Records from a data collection
-- Opening Marker --
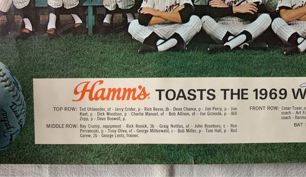 19.5” x 13.5” rolled poster of the 1969 Minnesota Twins, autographed in the 80s at a signing in Rochester by Harmon Killebrew.
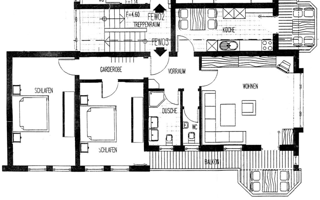 Die Wohnung Nr. 3 befindet sich im Obergeschoß mit einem Süd- und Westbalkon (freier Sicht auf die Berge) und verfügt über ein sehr großes Wohnzimmer, Küche (Backofen und Spülmaschine) und Essplatz, zwei sehr großen Schlafzimmern, Badezimmer (Doppelwaschbecken) mit Dusche/WC und zusätzlich seperatem WC.
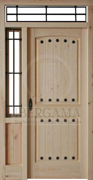 Puerta Rústica Exterior Arco Clavos, Fijo y Montante
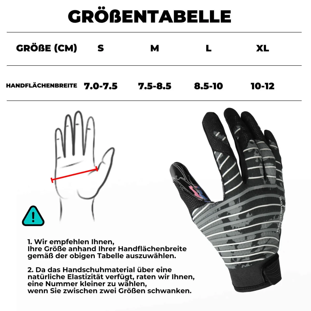 Guide des tailles clair pour un ajustement parfait : mesurez la largeur de votre paume (7 à 12 cm) pour déterminer la taille S à XL.
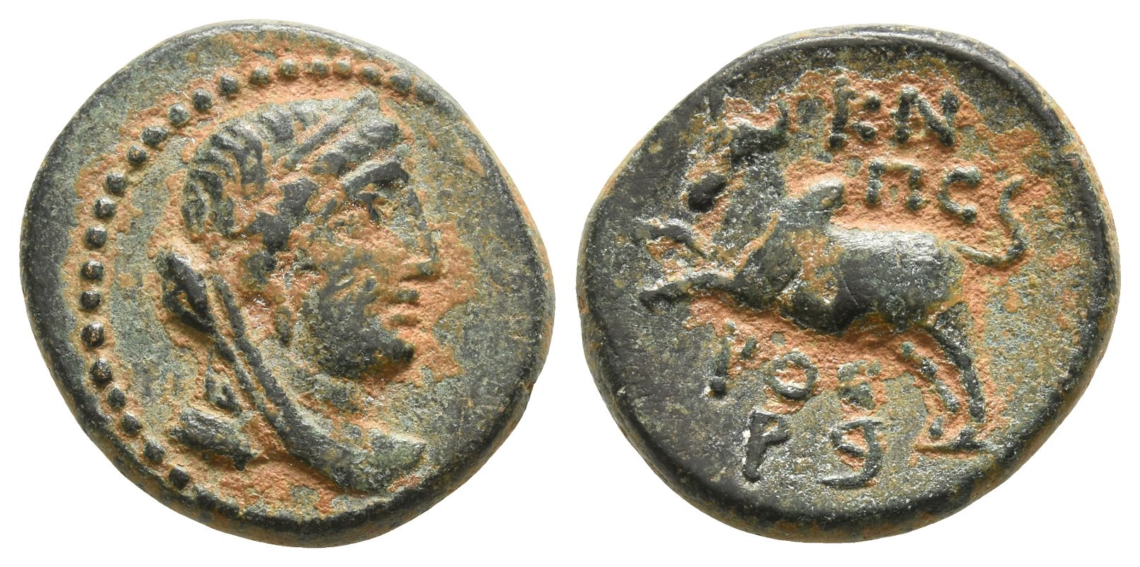 Veiled bust of Astarte to right / Humped bull running to left, KN-ΠC above; POЄ (date), P and Phoenician 'b' below. Duyrat 4481-4490; HGC 10, 80. 6.98gr, 21mm, 12h.
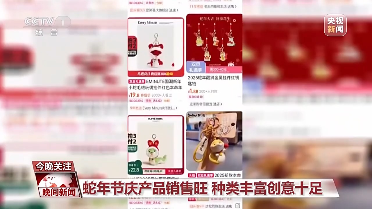 临近新年,各地蛇年元素商品纷纷上架,活泼可爱的蛇年生肖挂件以及关于生肖蛇的年画、红包、日历等各类产品,迎合了现代年轻人的审美,受到市场热捧。
-- Closing Marker --
Work instruction —
Set the pictures aside and restate word for word only the lines from the line containing "Guide des tailles" through the end of the entries above, both included.

Reply —
 Guide des tailles clair pour un ajustement parfait : mesurez la largeur de votre paume (7 à 12 cm) pour déterminer la taille S à XL.
 Veiled bust of Astarte to right / Humped bull running to left, KN-ΠC above; POЄ (date), P and Phoenician 'b' below. Duyrat 4481-4490; HGC 10, 80. 6.98gr, 21mm, 12h.
 临近新年,各地蛇年元素商品纷纷上架,活泼可爱的蛇年生肖挂件以及关于生肖蛇的年画、红包、日历等各类产品,迎合了现代年轻人的审美,受到市场热捧。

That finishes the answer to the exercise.